Are we going to be learning about more advanced data visualization techniques?

We may come across a few other tools for visualizing data, but it will not be the main focus.

Anjali asks:

Will you be demonstrating how to use platforms for machine learning like pytorch and tensorflow?

No, there is only so much that can fit in a single course.

Thinh asks:

Is there any chance the lowest project will be dropped at the end of the semester given that we are not familiar with doing the report at the beginning of the semester?

No, but if the first report grade will be much weaker than all subsequent grades, then I will take it into account while assigning the final course grades.

Ninghui asks:

Algorithm from Sklearn can also deal with Dataframe just like ndarray? How does the algorithe know what data type it is?

Most skleans algorithms should work fine with dataframes. The data in a dataframe must be of a suitable type. If an algorithm expects numerical data, and you use it with a dataframe that contains a column of strings, then you will get an error.

David asks:

Will we be using pytorch or tensorflow in the future?

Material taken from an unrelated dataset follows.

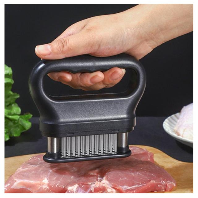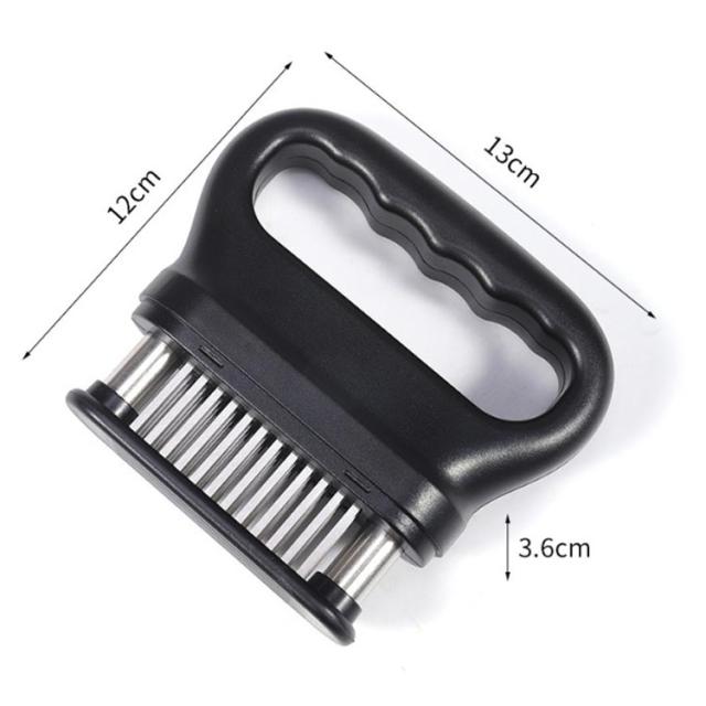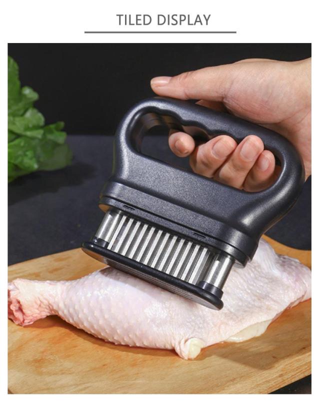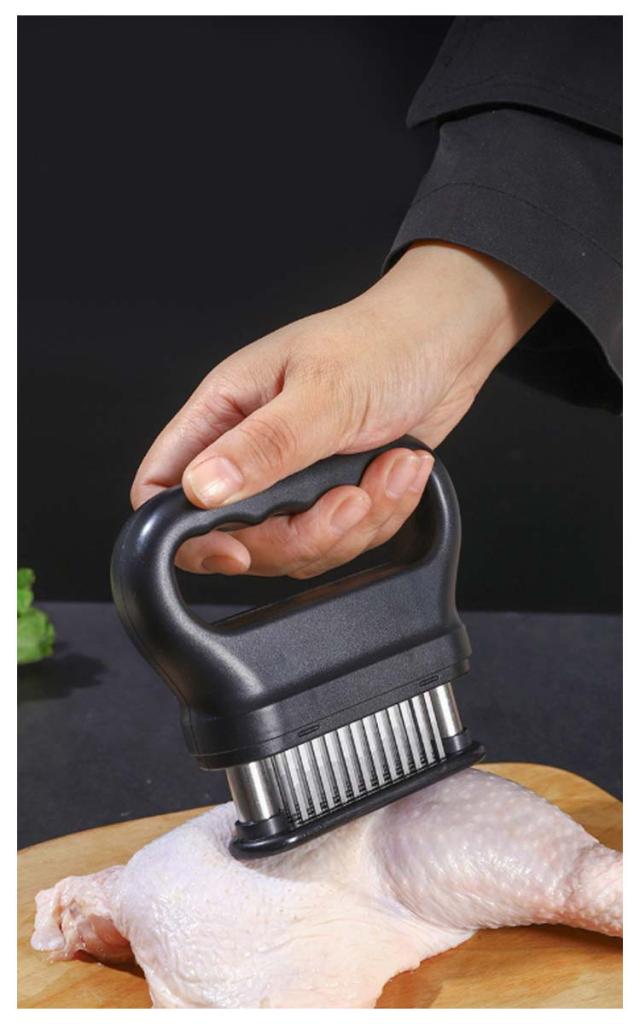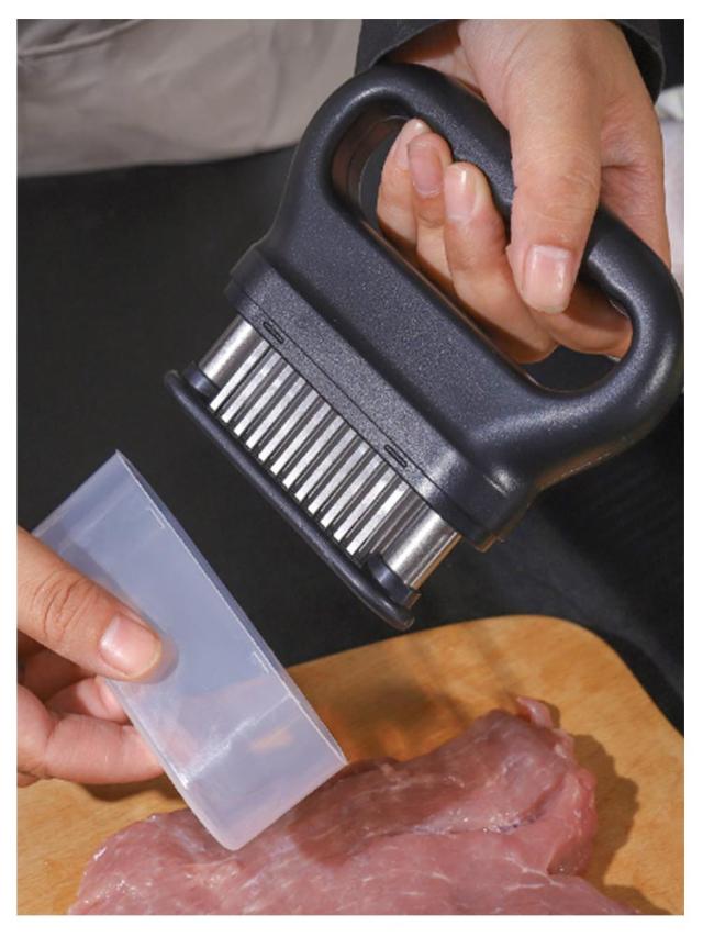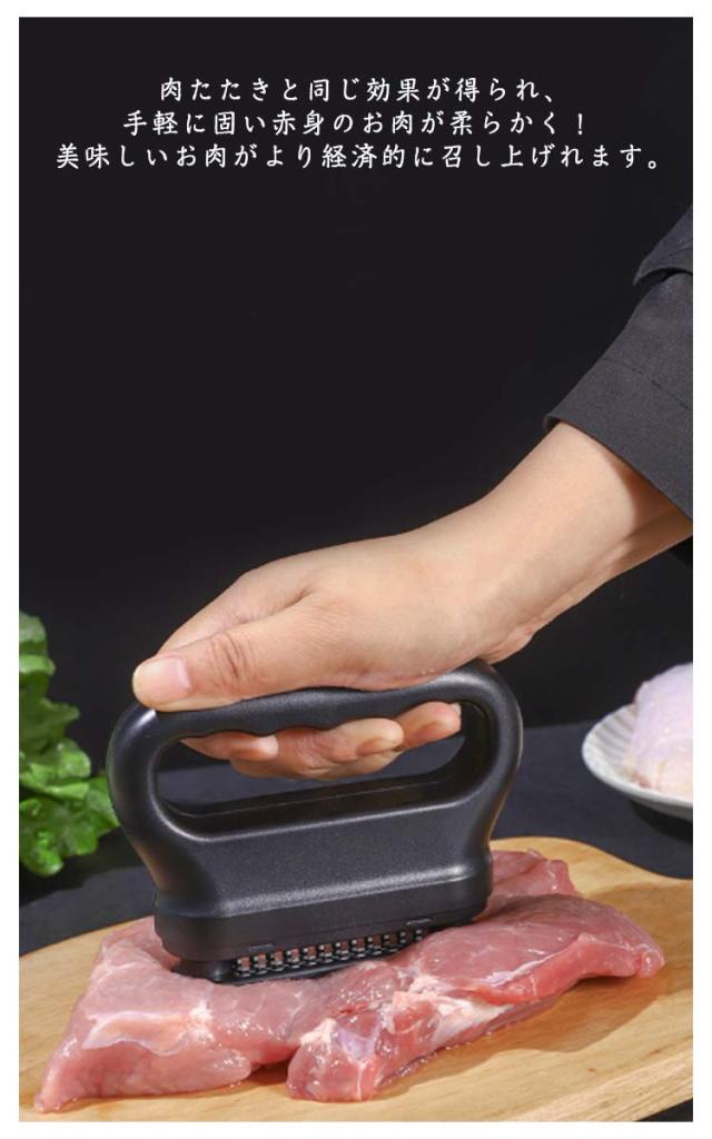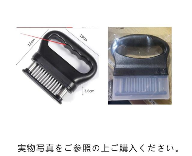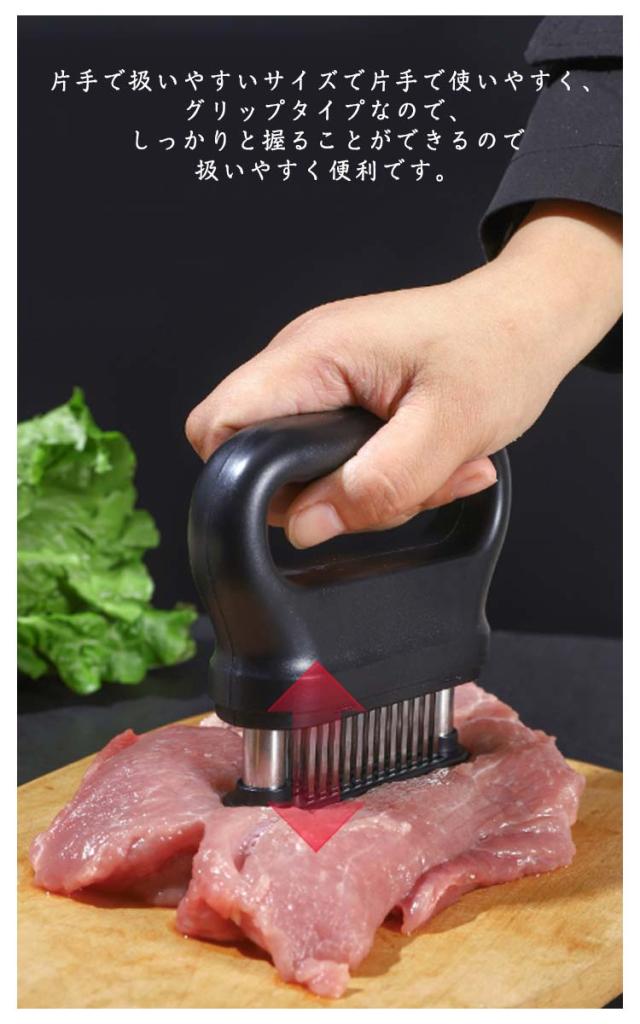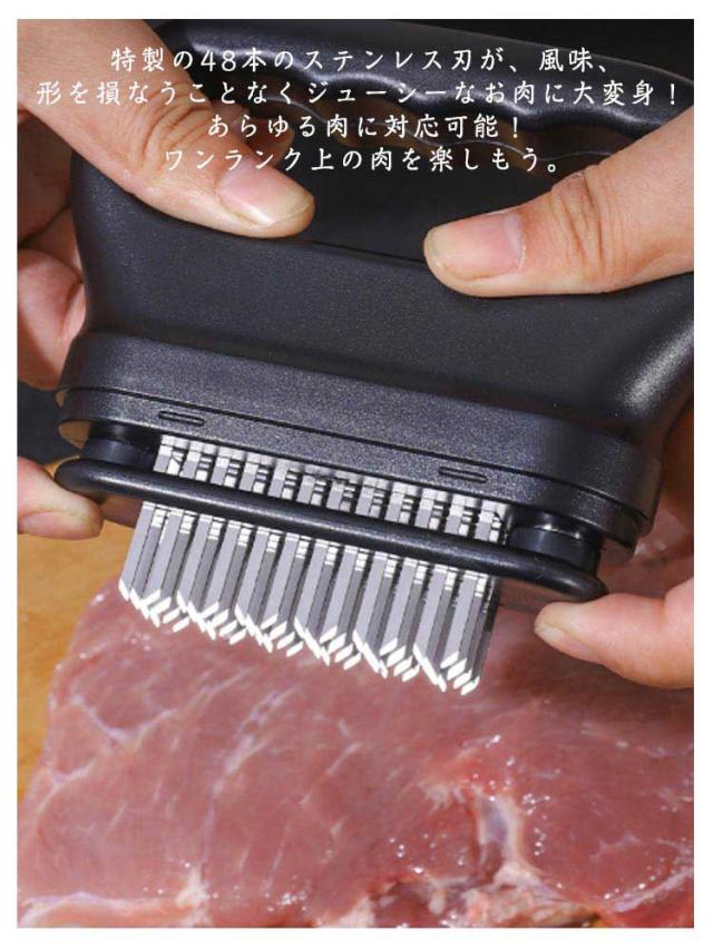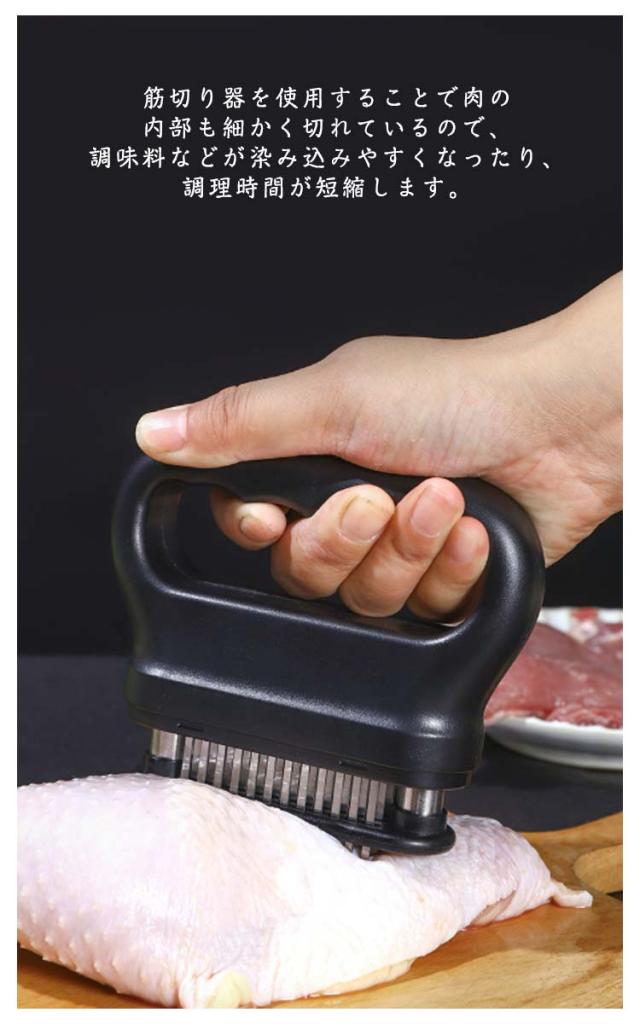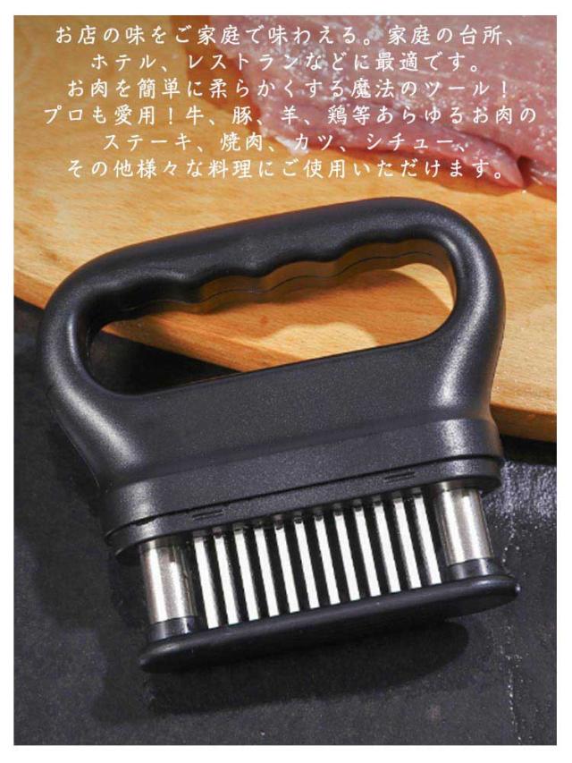| お店の味をご家庭で味わえる。家庭の台所、ホテル、レストランなどに最適です。お肉を簡単に柔らかくする魔法のツール!プロも愛用!牛、豚、羊、鶏等あらゆるお肉のステーキ、焼肉、カツ、シチュー、その他様々な料理にご使用いただけます。 肉たたきと同じ効果が得られ、手軽に固い赤身のお肉が柔らかく! 美味しいお肉がより経済的に召し上げれます。 特製の48本のステンレス刃が、風味、形を損なうことなくジューシーなお肉に大変身! あらゆる肉に対応可能!ワンランク上の肉を楽しもう。 筋切り器を使用することで肉の内部も細かく切れているので、調味料などが染み込みやすくなったり、調理時間が短縮します。 片手で扱いやすいサイズで片手で使いやすく、グリップタイプなので、しっかりと握ることができるので扱いやすく便利です。 取り外しも簡単!刃の間に残った肉の繊維などもきれいに洗浄でき、いつでも清潔にご使用いただけます!使用しないときは専用のケースにしまっておけるので収納時も安全です。 | |

No, there is only so much that can fit in a single course.

Farhat asks:

Can you concatenate rows?

Rows of two dataframes? You can do it using pd.concat(). I showed an exmaple of this in class last week. See my notebook from week 6.

Netra asks:

Is there a way you could create a private chat (allows only two) in the discord for code-sharing purposes?

Yes. Discord has private chats. To create one, you can right click on my name in Discord and select “Message” from the menu that will pop up. Discord also supports private voice/video calls.

Felix asks:

Will we be doing more advanced machine learning stuff in this class like recursive neural networks etc?

There will be more machine learning, but I will not cover neural networks.

Haiyi asks:

How to merge data horizontally when merging data?

Merging on rows is rarely useful. If you want to do it, then you can apply the transpose() method to both dataframes. This will flip the dataframes, making each row into a column. Then you can apply pd.merge() to the transposed dataframes.

Dakota asks:

Can we go over our project 2 in office hours with you if we want to know what we did wrong?

Yes, of course.

Anna asks:

What other imports will we be using?

We will use a few libraries that we have not used yet: requests, bs4, json etc.

Meaghan asks:

With such big data sets, what is the best way to make sure we are accurately representing the data we are given, graph/chart-wise and code-wise as well?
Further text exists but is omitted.